§ EXERCISE BRIEF: I'd ask you to write out the lines below exactly, with no images.

§ DATA SHOWN:
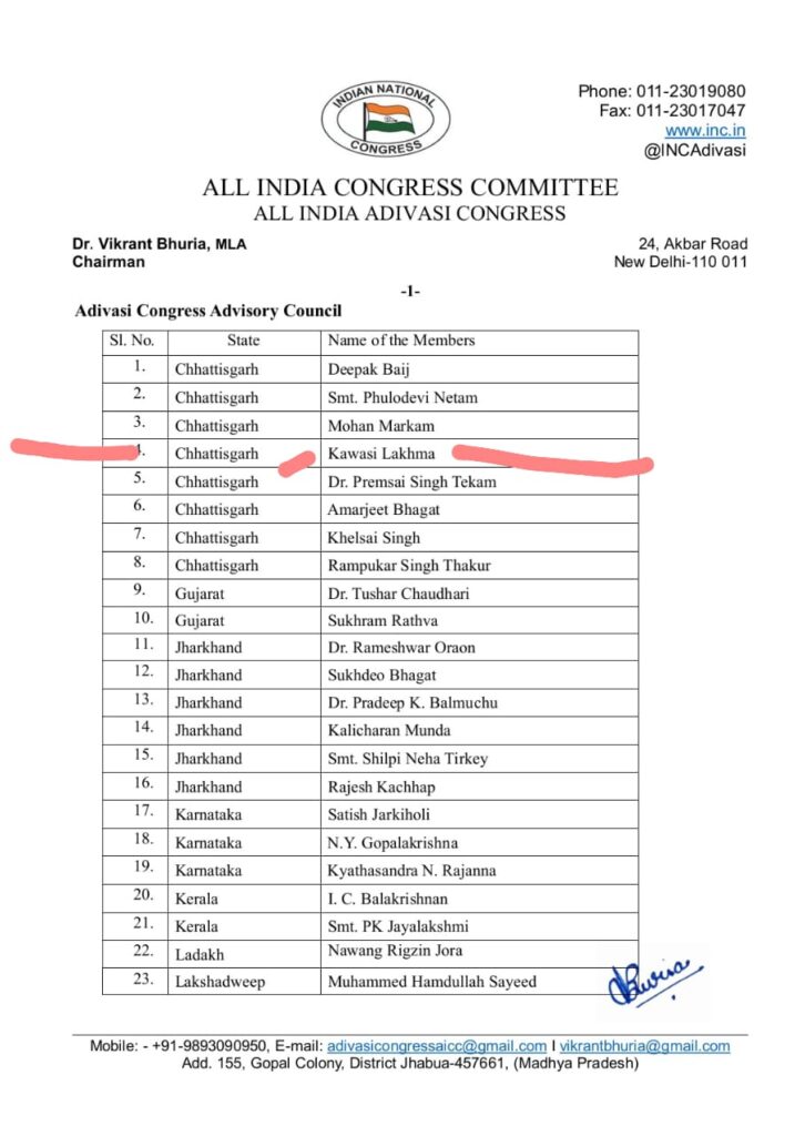 कांग्रेस ने जारी की ST सलाहकार परिषद की सूची, कवासी लखमा समेत 8 नेताओं को दी अहम जिम्मेदारी
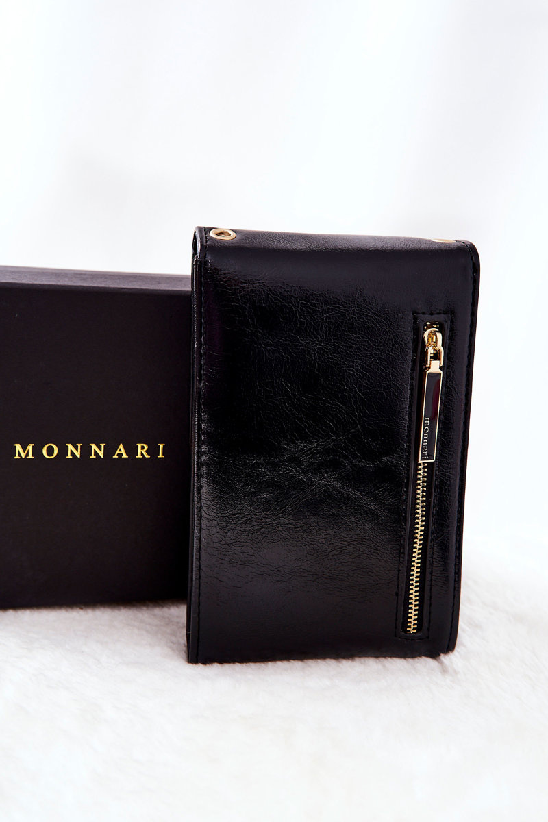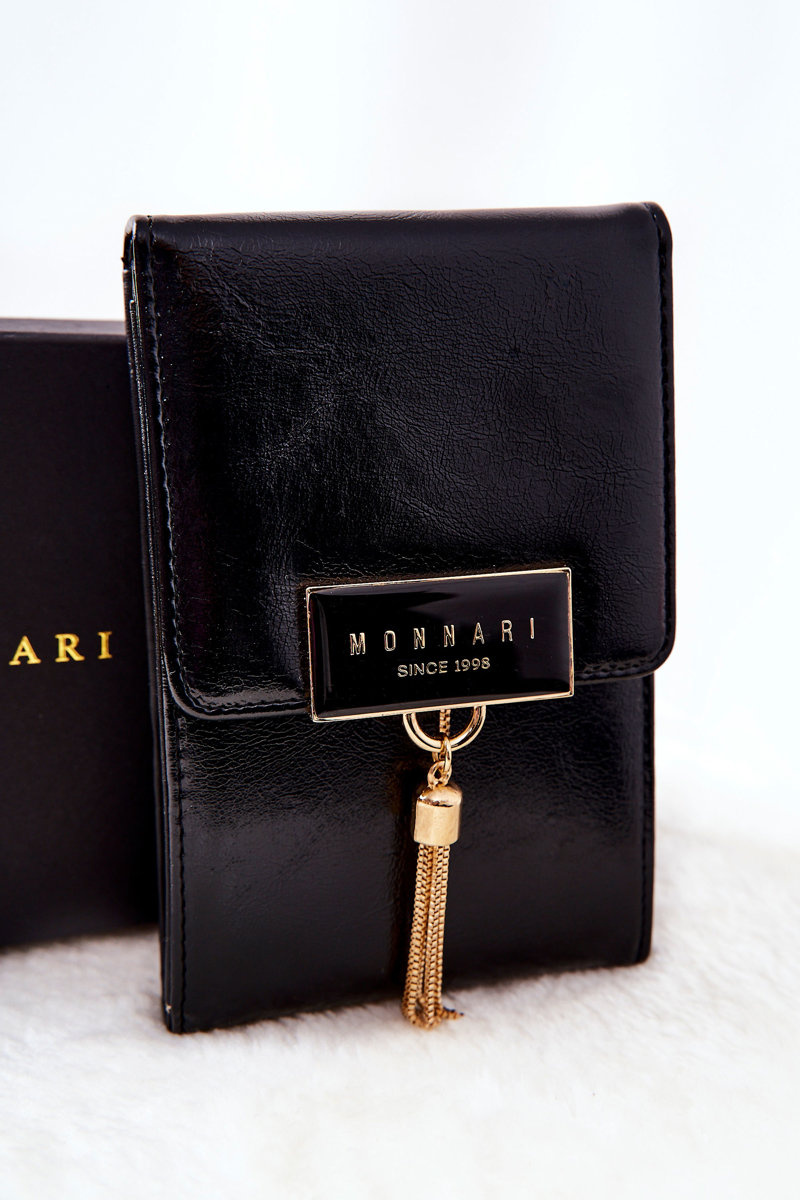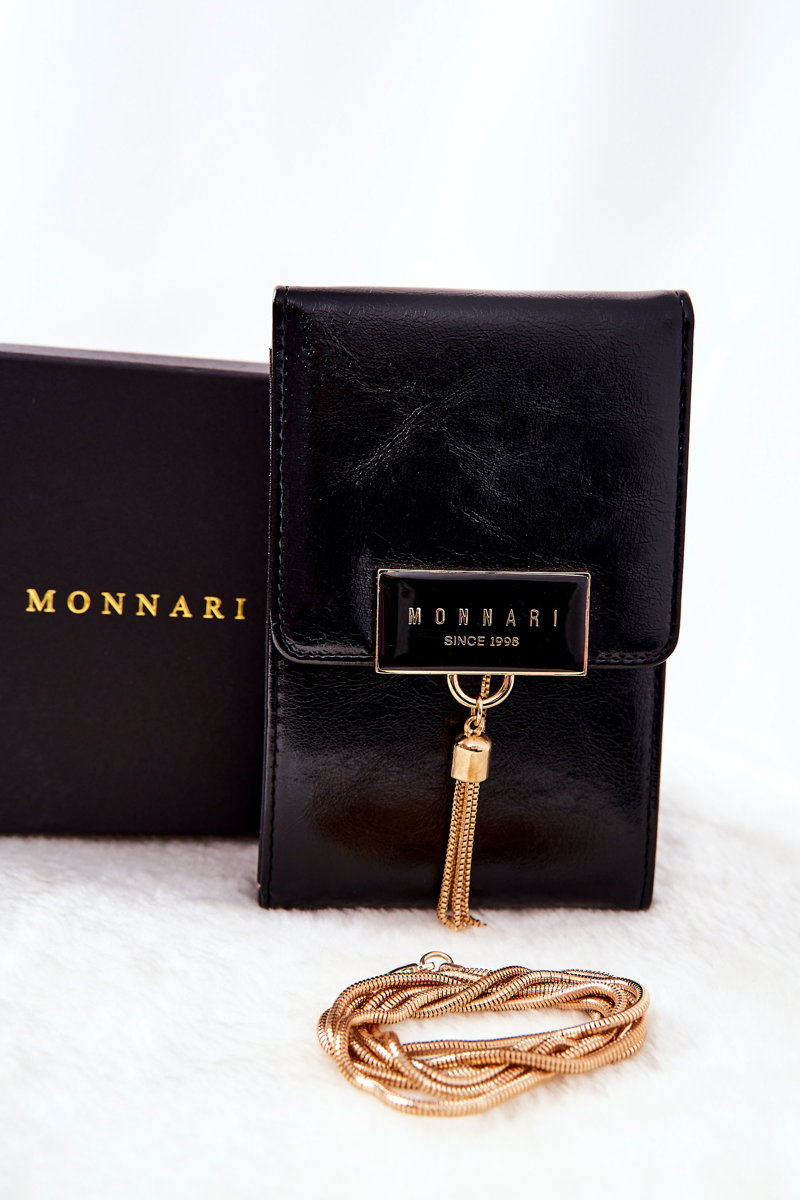 Tato taška je ideální pro případy, kdy si potřebujete vzít nejnutnější věci, jako je telefon, doklady nebo peníze. Připevňuje se pomocí klapky s magnetem. Uvnitř jsou dvě přihrádky s dalším prostorem na vizitky a jedna otevřená kapsa. Na vnější straně tašky je také kapsa na zip. Navíc je k němu připojen řetízek. Na klopě je ozdobný emblém s logem značky Monnari a střapec.
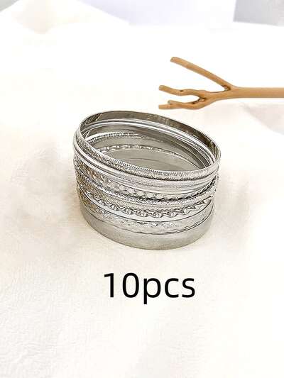 Set of 10 Boho Geometric Metal Bracelet

§ YOUR RESPONSE:
 कांग्रेस ने जारी की ST सलाहकार परिषद की सूची, कवासी लखमा समेत 8 नेताओं को दी अहम जिम्मेदारी
 Tato taška je ideální pro případy, kdy si potřebujete vzít nejnutnější věci, jako je telefon, doklady nebo peníze. Připevňuje se pomocí klapky s magnetem. Uvnitř jsou dvě přihrádky s dalším prostorem na vizitky a jedna otevřená kapsa. Na vnější straně tašky je také kapsa na zip. Navíc je k němu připojen řetízek. Na klopě je ozdobný emblém s logem značky Monnari a střapec.
 Set of 10 Boho Geometric Metal Bracelet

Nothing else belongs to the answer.